Regarding the MSN QTL mapping, of the 13 reported studies, nine were identified utilizing bi-parental populations, whereas five used germplasm populations. On SoyBase (http://www.soybase.org), 38 MSN QTLs by linkage mapping have been collected, whereas in literature, 45 MSN QTLs by GWAS procedures were reported (Assefa et al., 2019; Chang et al., 2018; Fang et al., 2017; Liu et al., 2017b). Recently, 76 MSN QTLs were found, with their genetic contribution approximately 0.04–9.83% per locus for a total of 65.63% for all loci (Assefa et al., 2019; Fu et al., 2020). More recently studies discovered 142 MSN QTLs, from which the evolutionary QTL-allele alterations of MSN among the geographic and seasonal subpopulations of cultivated soybean in the Chinese Soybean Germplasm Population were studied (Wang et al., 2013).
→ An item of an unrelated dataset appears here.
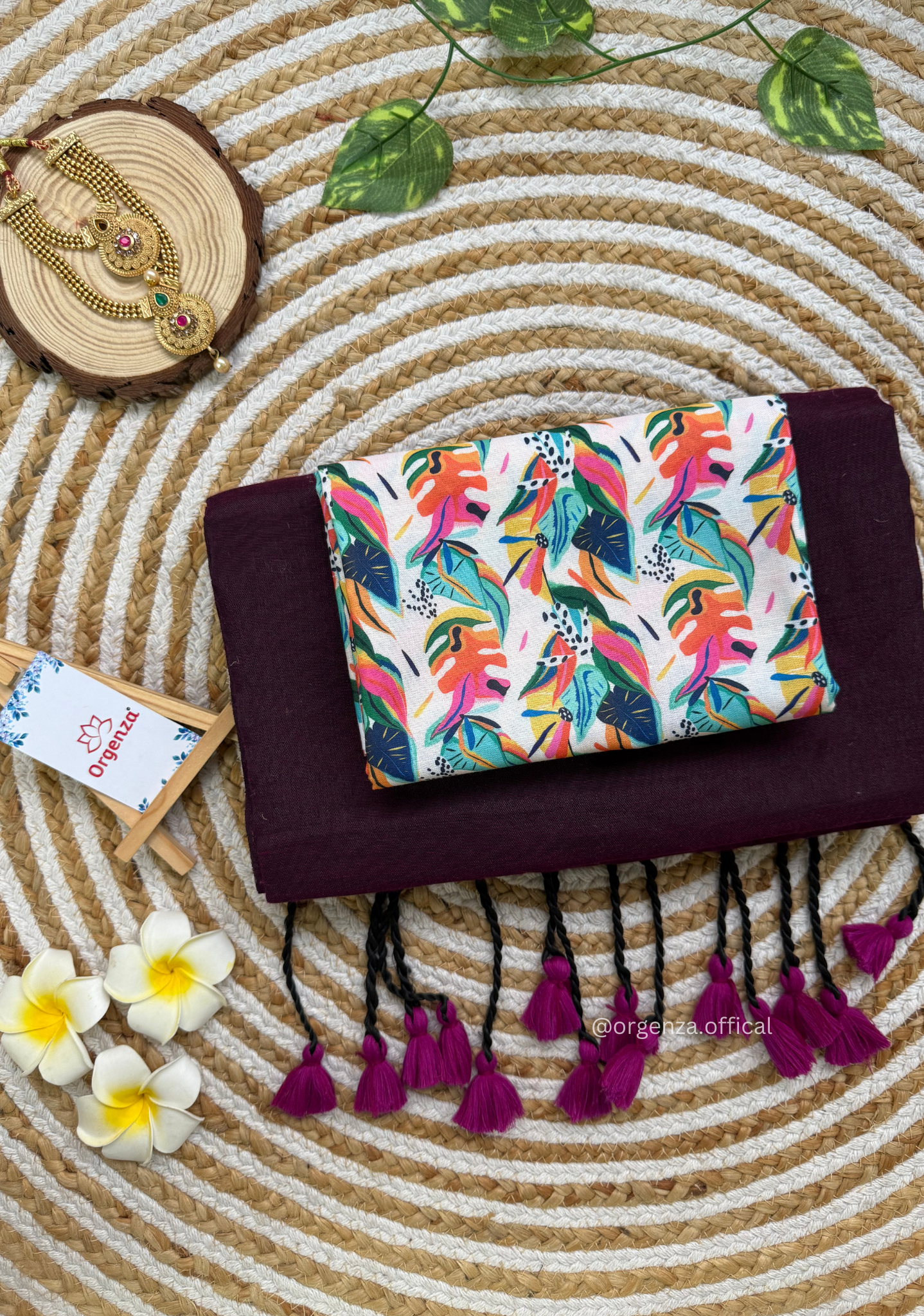 Orgenza Sky Purple Color Pure Organza Silk And Stone Work And Printed Flower Saree With Contrast Blouse

Various yield-related QTLs have been discovered in diverse genetic backgrounds and environmental conditions (Tanksley et al., 1988). In the realm of soybean QTL analysis, Keim et al. (1990) were the pioneers in investigating several elements including soybean yield and quality characteristics. Mian et al. (1996) employed two soybean populations to detect QTLs related to seed weight per plant in various conditions and years. They identified two consistent QTLs assigned to linkage groups F and K, respectively. Liu et al. (2011) identified two distinct QTLs associated with seed yield per plant (SYPP) that may be linked to QTLs for seed numbers per pod (SNPP) and pod numbers per plant (PNPP) at the same Chrs 8 locus (Satt390) and 10 locus (Sat_108).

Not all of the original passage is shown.